Possiamo sapere in che modo il fato avrebbe costretto il divino Iveon ad impiegare un tempo doppio nel viaggio che lo stava conducendo alla volta del Regno della Luce, per un motivo che ci è sconosciuto? Avremo la risposta a tale domanda, semplicemente mettendoci a seguirlo nella traversata diretta alla sua meta. La quale, perché avesse termine, avrebbe richiesto un numero di lucet doppio di quello previsto.

Ebbene, il divino eroe si trovava a metà del suo percorso, volando nello spazio cosmico ad una velocità incredibile, allorquando gli era capitato di vedersi passare davanti un pianeta errante, il quale era abitato da esseri umani e da animali. L'evento gli era sembrato alquanto strano, poiché i pianeti si trovavano sempre ad orbitare intorno ad una stella e non era pensabile che se ne andassero in giro per conto loro, dopo essersi svincolati dalla sua attrazione. Anche il fatto che esso si presentasse abitato da esseri umani ed animali, nonché fosse fornito di una vegetazione lussureggiante, gli faceva credere di trovarsi di fronte ad un caso anomalo di dinamica celeste, il quale andava corretto al più presto. Allora propendette per l'idea che il pianeta fosse uscito da poco tempo dalla sua traiettoria, quella che prima l'obbligava ad orbitare intorno alla propria stella dispensatrice di luce e di calore. Invece, da quel momento in poi, esso sarebbe stato circondato unicamente dal buio senza fine, non essendoci più la propria splendente stella ad illuminargli le giornate.

Volendo poi approfondire lo strano fenomeno cosmico, il dio Iveon aveva preso la decisione di arrestare la sua corsa e di planare sulla sua superficie. Dopo aveva assunto le sembianze umane, appunto per essere considerato uno dei suoi abitatori e poter scambiare con loro qualche opinione in merito alla deriva del loro pianeta errabondo. Allora lo spettacolo, a cui il dio positivo si era ritrovato ad assistere, non era stato uno dei più allegri, dal momento che esso gli si era palesato incredibilmente impressionante e pietoso. Da parte nostra, baderemo ad entrare nei suoi dettagli, solo dopo che ci saremo resi conto di quale sfortunato astro spento si trattava. Il pianeta in questione era Alpust. Esso, fino a qualche mese prima, orbitava insieme con altri due pianeti intorno alla stella Pustas, che era situata nella galassia di Vanger.

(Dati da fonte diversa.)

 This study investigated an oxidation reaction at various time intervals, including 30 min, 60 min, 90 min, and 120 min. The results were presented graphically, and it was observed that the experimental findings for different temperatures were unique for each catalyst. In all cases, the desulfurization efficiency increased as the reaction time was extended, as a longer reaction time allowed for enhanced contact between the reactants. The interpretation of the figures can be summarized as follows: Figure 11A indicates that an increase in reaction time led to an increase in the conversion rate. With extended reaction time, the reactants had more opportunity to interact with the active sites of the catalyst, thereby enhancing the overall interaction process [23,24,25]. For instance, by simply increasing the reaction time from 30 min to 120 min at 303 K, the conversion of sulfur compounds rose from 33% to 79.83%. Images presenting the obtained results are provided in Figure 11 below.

La terna planetaria era abitata da Materiadi della specie umana e nessuno dei tre popoli, a causa della loro civiltà sottosviluppata, era potuto venire a contatto con gli altri. Comunque, come apprenderemo dai fatti che stiamo per conoscere, gli Alpustiani erano al corrente dell'esistenza degli altri due pianeti del loro sistema stellare, poiché durante la notte potevano scorgerli nel cielo ad occhio nudo.

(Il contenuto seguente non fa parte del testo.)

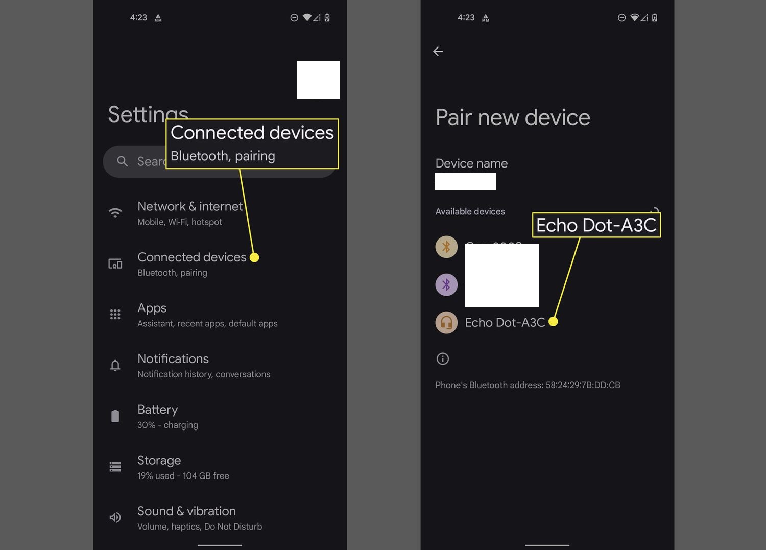Choose the Echo device. Tippen Sie abschließend auf Bluetooth, um alle zum Koppeln verfügbaren Geräte anzuzeigen. Suchen Sie den Namen Ihres Echo-Geräts und tippen Sie darauf, um es zu koppeln. Und du bist fertig!
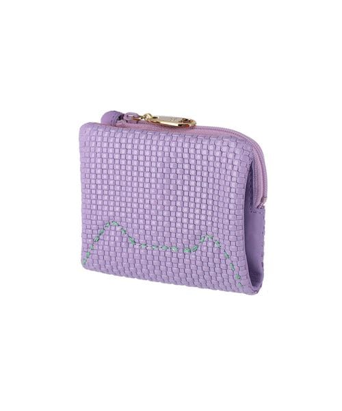 エンボスメッシュ 2つ折り財布 スリムタイプ 猫ステッチ/57891

Cominciamo col far presente che i due pianeti che abbiamo citato con Alpust, senza però indicarne il nome, erano Dosur, il più vicino alla stella, e Govep, il più lontano da essa. Inoltre, i rispettivi popoli prendevano il nome di Dosurini e Govepini. Gli abitanti dei tre corpi celesti spenti, i quali avevano raggiunto una civiltà non superiore a quella del nostro Medioevo, trascorrevano la loro esistenza senza problemi di alcun tipo. Per cui si poteva affermare con convinzione che essi vivevano sotto il manto della serenità e della spensieratezza, essendo le guerre completamente ignorate presso di loro. In seguito, però, qualcosa era andato storto per la terna di tali popoli. Allora essi avevano dovuto fare i conti con una realtà ben differente, quella che, tutto all'improvviso, aveva cancellato sui loro pianeti ogni forma di benessere e di felicità.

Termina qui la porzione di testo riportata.